Het bepalen van de hoogte van de vergoeding voor het gebruik van eigen zaaizaad en pootgoed is bij uitstek een onderwerp dat aan de betrokken marktpartijen kan worden overgelaten. Als randvoorwaarde is daarbij in artikel 3, tweede lid, van het besluit bepaald dat de vergoeding aanmerkelijk lager dient te zijn dan het bedrag dat voor het in licentie produceren van zaaizaad of pootgoed is verschuldigd. Het spreekt voor zich dat de vergoeding niet zo laag mag zijn dat deze in geen enkele relatie meer staat tot de door de kweker gepleegde kweekarbeid. De vergoeding zal derhalve in de regel tussen de 80% en 50% van de normale licentie-vergoeding liggen. Bij de beoordeling of sprake is van een redelijke vergoeding kan in voorkomend geval ook een terzake door de organisaties van telers en kwekers te sluiten overeenkomst als richtsnoer dienen.

In artikel 3, derde lid, van het besluit is de mogelijkheid geschapen om de zogenaamde «kleine landbouwers» van de betalingsplicht vrij te stellen. Ingevolge artikel 14, derde lid, van verordening (EG) nr. 2100/94 van de Raad van de Europese Unie van 27 juli 1994 inzake het communautaire kwekersrecht (PbEG L227) juncto artikel 7 van verordening (EG) nr. 1768/95 van de Commissie van 24 juli 1995 houdende vaststelling van de uitvoeringsbepalingen betreffende de afwijking ten gunste van landbouwers (PbEG L173), wordt onder «kleine landbouwer» verstaan de landbouwer die teelt op een oppervlakte die niet groter is dan de hoeveelheid die nodig is om 92 ton graan of 185 ton aardappelen te produceren. Er wordt evenwel vanuit gegaan dat de telers en de kwekers de zaken onderling regelen, waarbij ook afspraken worden gemaakt over de positie van deze «kleine landbouwers». Ingrijpen door de overheid op dit punt is een ultimum remedium voor de situatie waarin het zelfregulerende vermogen van de sector tekort schiet en overheidsoptreden ook daadwerkelijk noodzakelijk blijkt.

De kweker dient op zijn beurt ingevolge artikel 5 van het besluit op verzoek van de teler een uittreksel uit het Nederlands Rassenregister over te leggen ten bewijze dat hij de rechthebbende op het ras in kwestie is. Met het oog op artikel 3, tweede lid, dient hij tevens informatie te verstrekken over het bedrag dat door hem in rekening wordt gebracht voor het in licentie produceren van teeltmateriaal van het ras.

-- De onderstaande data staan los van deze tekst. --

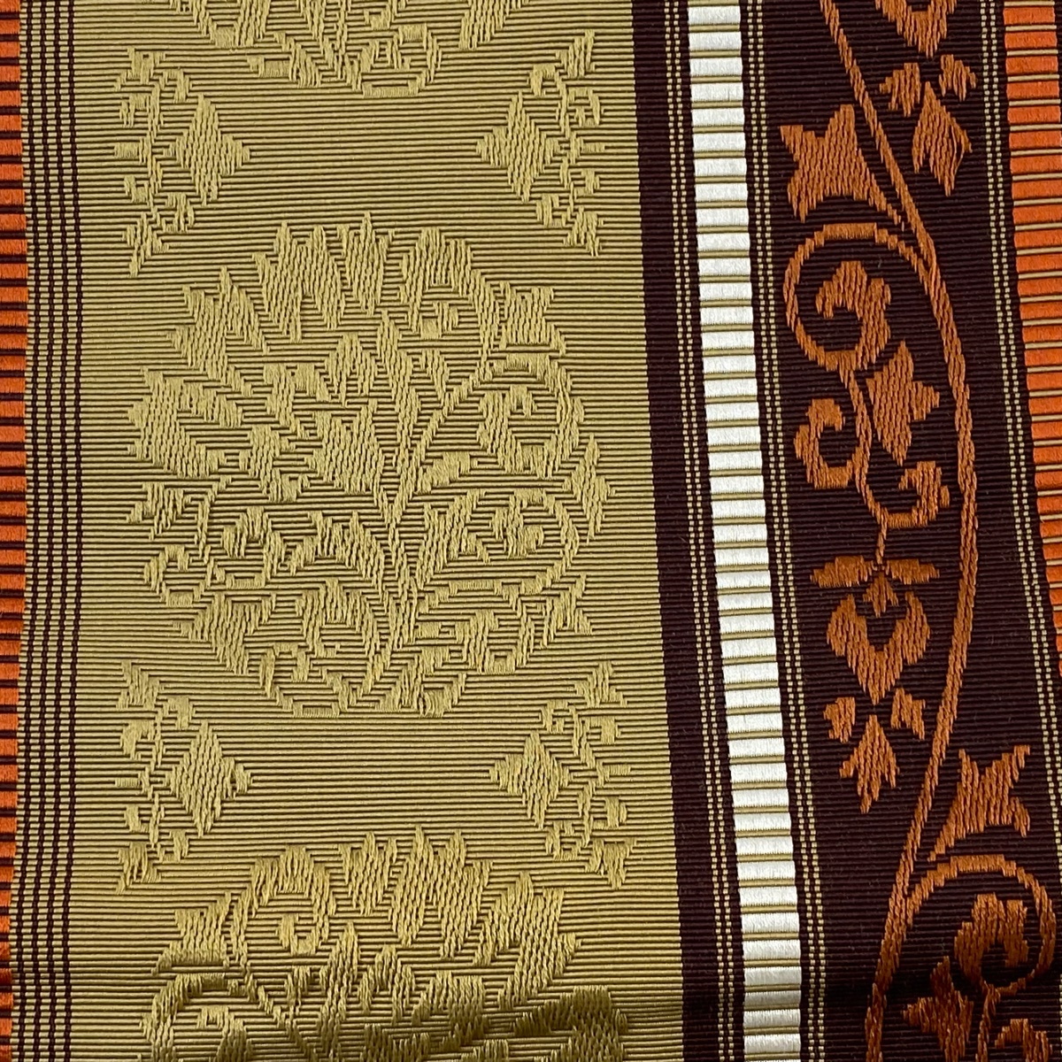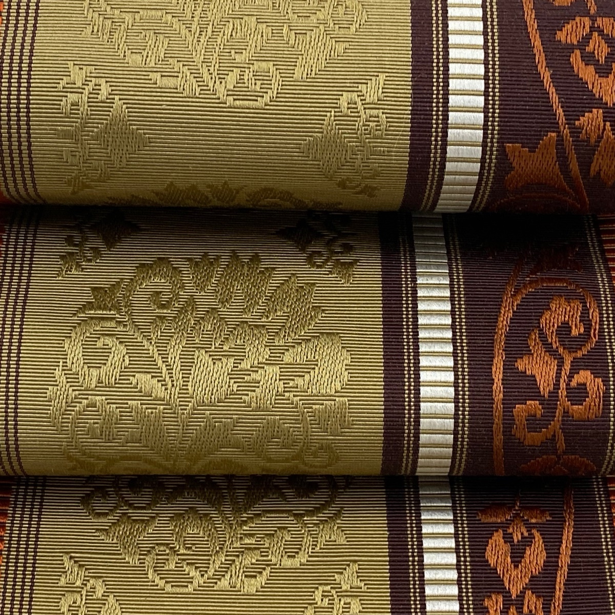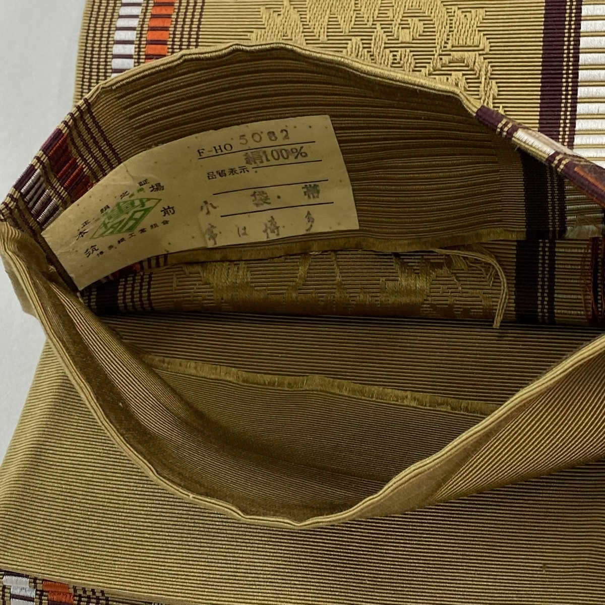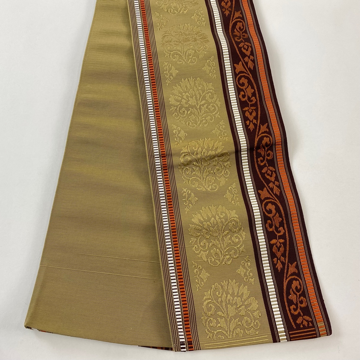 半幅帯 秀品 博多織 証紙 花唐草 縞 薄茶色 正絹 【中古】 |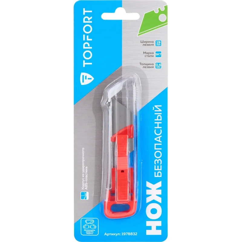 Нож безопасный Topfort с фиксатором лезвия 19 мм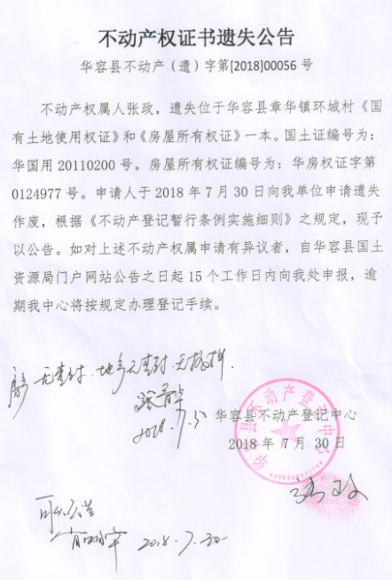 不动产权证书遗失公告【国有土地证 房屋所有权证(张政)】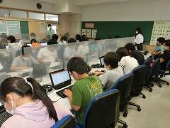 3年生がパソコンルームで学習しました。久しぶりのパソコン室!しかもパソコンとパソコンの間にはつい立があり…ちょっと緊張しながら,席に着きました。

Ingevolge artikel 41a juncto artikel 96 van de Zaaizaad- en Plantgoedwet is handelen in strijd met het bepaalde bij of krachtens artikel 41a een strafbaar feit. Dit betekent dat een teler die voor vermeerderingsdoeleinden binnen het eigen bedrijf gebruik maakt van op dit bedrijf geoogst materiaal van bepaalde gewassen, verplicht is de in artikel 4, eerste lid, omschreven informatie te verstrekken. Indien een teler deze informatie niet binnen de door de kwekersrechthouder gestelde termijn verstrekt, pleegt hij hiermee een strafbaar feit. De Algemene Inspectiedienst van het Ministerie van Landbouw, Natuurbeheer en Visserij is belast met de controle op de naleving van de Zaaizaad- en Plantgoedwet. Een daartoe strekkend onderzoek wordt in de regel alleen naar aanleiding van een door de betrokken kwekersrechthouder ingediende klacht ingesteld.

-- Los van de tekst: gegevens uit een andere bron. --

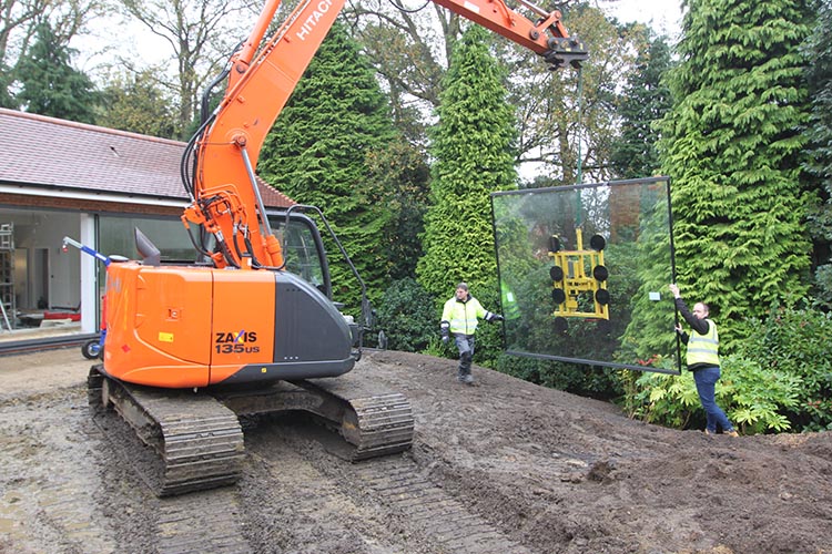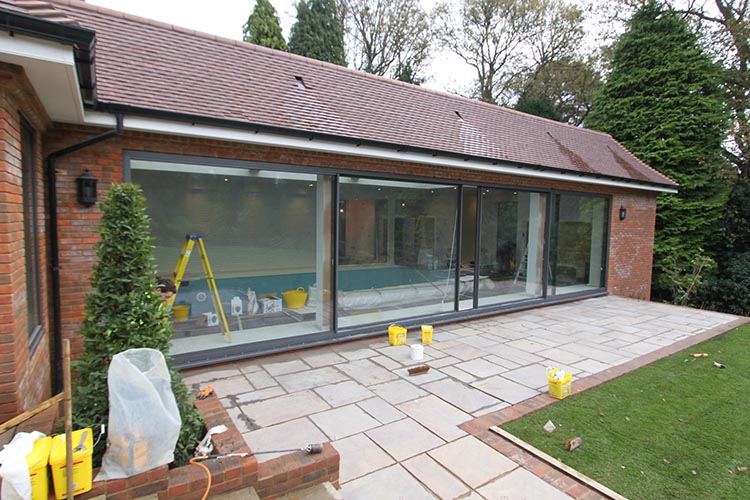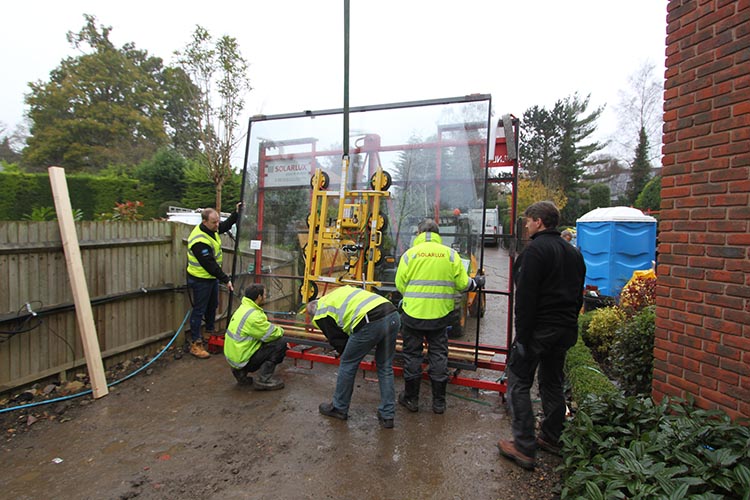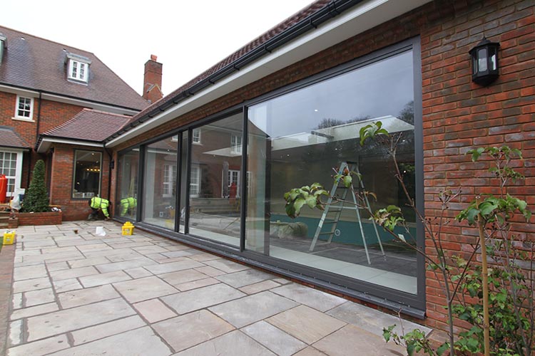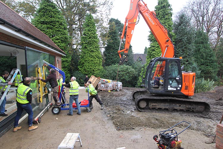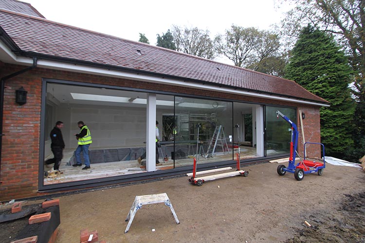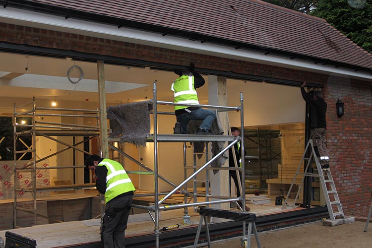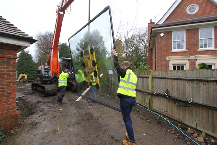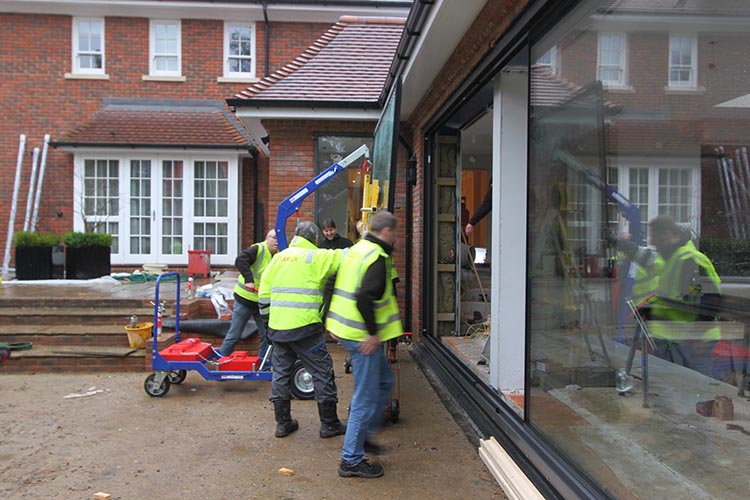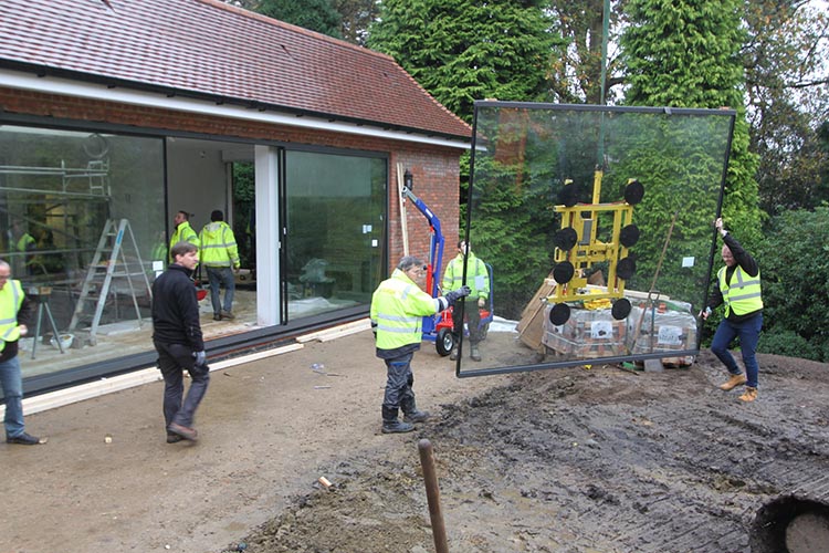 The project was an extension to add a pool area and gym to an existing new build property by one of the most prestigious developers in the South of England. The minimal frame and achievable panel weights meant that the vast opening could be done in just 4 panels. Spanning a total width of over 12000mm and 3000mm in height, the panel sizes were in excess of 9m² and weighed approximately 360kg each. As you can see from the images this is quite an undertaking and the logistics have to be carefully organised and managed to ensure the doors arrive and are installed in optimum condition. Despite the extreme weights involved, the doors move effortlessly and we can achieve sizes up to 15m² and 1000kg in weight.

Met betrekking tot artikel 3 merk ik in dit verband het volgende op. In artikel 3 wordt de mogelijkheid aan de houder van het kwekersrecht gegeven van de teler een vergoeding te vragen. Indien de kwekersrechthouder van deze mogelijkheid gebruik wenst te maken, moet hij ingevolge artikel 5 de teler de hoogte van de vergoeding meedelen. Indien de teler niet bereid is de vergoeding te betalen, kan de kweker de betaling van deze vergoeding civielrechtelijk afdwingen.

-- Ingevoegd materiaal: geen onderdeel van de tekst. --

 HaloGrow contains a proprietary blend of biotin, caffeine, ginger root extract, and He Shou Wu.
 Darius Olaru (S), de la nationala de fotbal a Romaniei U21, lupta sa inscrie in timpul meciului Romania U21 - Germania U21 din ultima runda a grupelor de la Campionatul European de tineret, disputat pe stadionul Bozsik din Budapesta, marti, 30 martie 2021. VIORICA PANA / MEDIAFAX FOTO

Tot slot zij vermeld dat over de inhoud van het onderhavige besluit overleg is gepleegd met de Land- en Tuinbouworganisatie Nederland (LTO Nederland) en de Nederlandse Vereniging voor Zaaizaad en Plantgoed (NVZP).

De Minister van Landbouw, Natuurbeheer en Visserij,

J. J. van Aartsen


XHistnoot

Het advies van de Raad van State is openbaar gemaakt door terinzagelegging bij het Ministerie van Landbouw, Natuurbeheer en Visserij.

Tevens zal het advies met de daarbij ter inzage gelegde stukken worden opgenomen in het bijvoegsel bij de Staatscourant van 12 mei 1998, nr. 80.